In a heat treatment apparatus of a different type, an inner processing chamber made of, e.g., quartz glass is provided in a vacuum-evacuable processing chamber made of, e.g., aluminum, and a substrate supporting table which includes a built-in resistance heater is prepared in the inner processing chamber. The inner processing chamber is supplied with a plurality of processing gases of different species flowing alternately in an intermittent manner. Hence, thin films each being about one molecular layer in thickness can be repeatedly laminated on the surface of the semiconductor wafer supported on the substrate supporting table (see, for example, Japanese Patent Laid-open Application No. 2002-151489).

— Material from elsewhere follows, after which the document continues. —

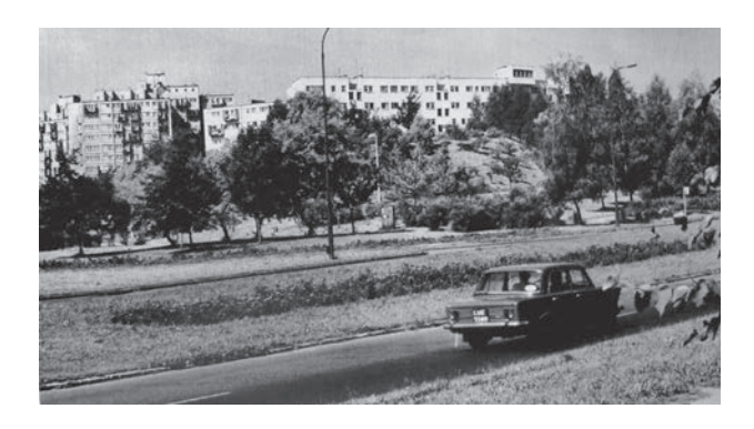
Fig .6. Słowacki Estate in the 1980s4 [8]

It was built as the second estate within the framework of the Lublin Housing Cooperative. The authors of the design were Zofia and Oskar Hansen [1]. The estate was built in the years 1964–1970 according to the concept of 'Open Form', which was elaborated by Oskar Hansen<sup>5</sup> [2].

However, it is required to make each layer thinner as well as to make the line width narrower in accordance with the high integration and the high miniaturization of the semiconductor integrated circuits. Under the circumstances, stricter standards for contamination, such as organic contamination and metal contamination, are also required. Therefore, structures in the processing chamber are made of purer materials which do not contain metal species serving as a source of contamination. The structures in the processing chamber include, e.g., a heater for heating a semiconductor wafer or the like, and a mounting table which supports a wafer. A mounting table was also proposed, wherein a heater is completely covered with high purity quartz plates and/or quartz cases thermally bonded as a single unit (see Japanese Patent Laid-open Application No. S63-278322, Japanese Patent Laid-open Application No. H07-078766, Japanese Patent Laid-open Application No. H03-220718, or Japanese Patent Laid-open Application No. H06-260430).
To encapsulate the whole heater inside the quartz plates and/or the quartz cases, planar quartz surfaces are required to be thermally bonded together. Therefore, quartz needs to be machined with good flatness. That is, surface processing of quartz is needed with high accuracy. Such a process, however, is very difficult, and the apparatus itself becomes costly.
Further, in case of using transparent quartz material, thermal efficiency becomes poor since heat rays from the heater buried inside the quartz radiate in all directions.
Moreover, if the heater material contains metal atoms of, e.g., heavy metals, a semiconductor wafer can be contaminated by such metal atoms even when the heater is completely encapsulated with quartz. That is because such metal atoms can move across the quartz by so-called thermal diffusion.